* MATERIAL PROVIDED
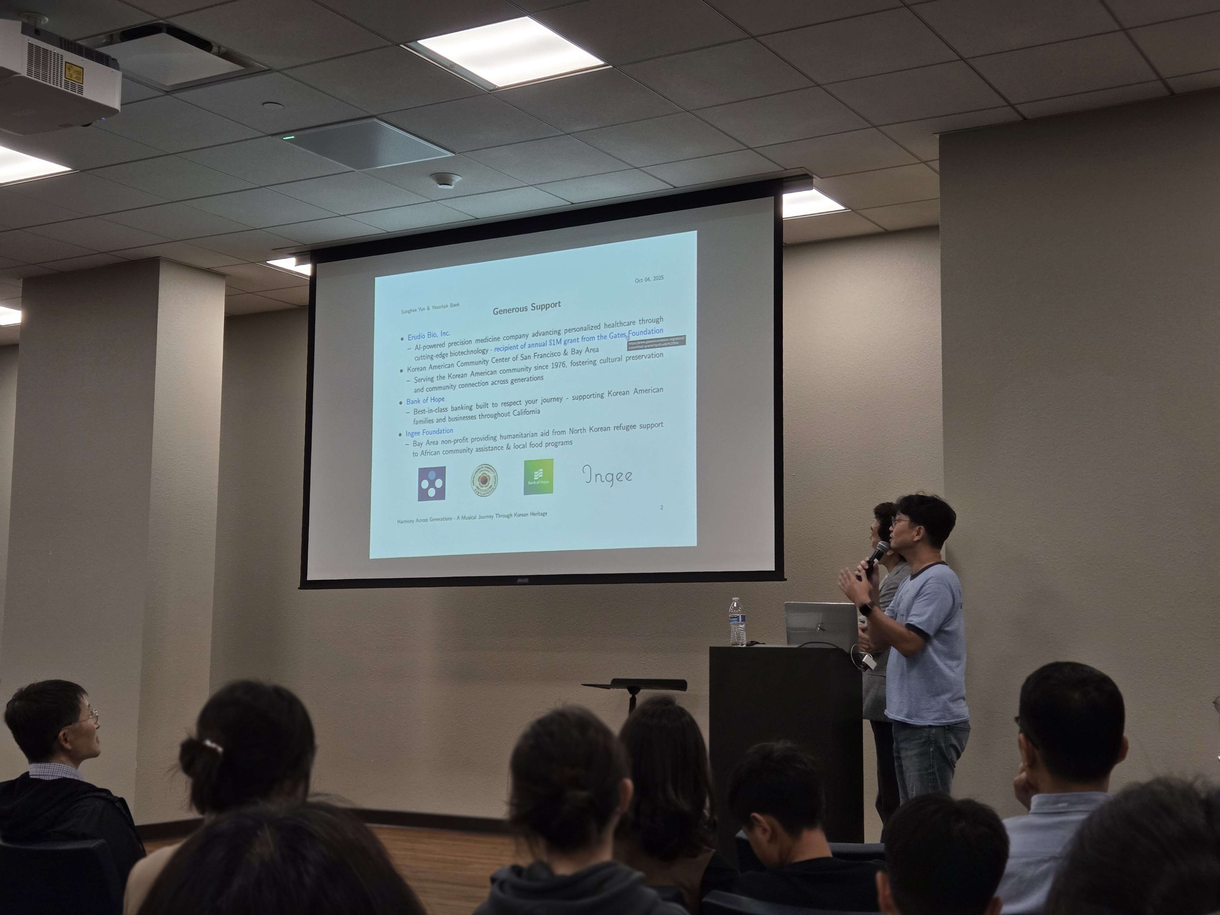 The sponsors who made this event possible—Erudio Bio (where I’m leading AI technology development), the Korean American Community Foundation, Bank of Hope, Ingee Foundation—represent this same integration. They understand that advancing biotechnology or financial services doesn’t preclude (indeed, it may require) engagement with arts, culture, and the deeper questions of human flourishing.
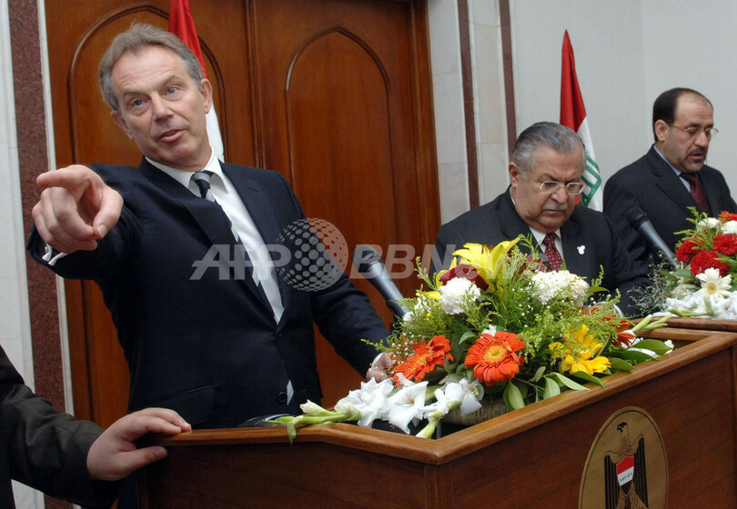 写真はマリキ首相(右)、タラバニ大統領(中央)とともに記者会見を行うブレア首相(左)。(c)AFP/WPA ROTA/Stefan Rousseau
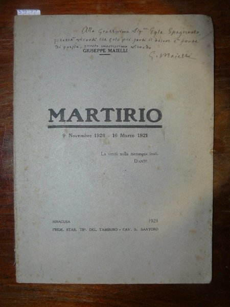 In-8°, pp. 37, brossura editoriale. Tavola fotografica in b/n all'antiporta. Dedica dell'Autore Giuseppe Maielli alla gentilissima Signorina Egla Spagnuolo apposta al piatto anteriore della brossura. Lievi mancanze alle sezioni superiore e inferiore della brossura.
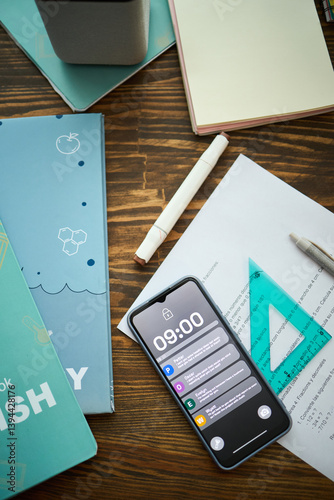 Modern student desk with smartphone with notifications, writing tools, document, pen and notebooks during homework or studying for exams

* WHAT TO DO
Copy the listing verbatim, omitting images.

* OUTPUT FOR THIS EXERCISE
 The sponsors who made this event possible—Erudio Bio (where I’m leading AI technology development), the Korean American Community Foundation, Bank of Hope, Ingee Foundation—represent this same integration. They understand that advancing biotechnology or financial services doesn’t preclude (indeed, it may require) engagement with arts, culture, and the deeper questions of human flourishing.
 写真はマリキ首相(右)、タラバニ大統領(中央)とともに記者会見を行うブレア首相(左)。(c)AFP/WPA ROTA/Stefan Rousseau
 In-8°, pp. 37, brossura editoriale. Tavola fotografica in b/n all'antiporta. Dedica dell'Autore Giuseppe Maielli alla gentilissima Signorina Egla Spagnuolo apposta al piatto anteriore della brossura. Lievi mancanze alle sezioni superiore e inferiore della brossura.
 Modern student desk with smartphone with notifications, writing tools, document, pen and notebooks during homework or studying for exams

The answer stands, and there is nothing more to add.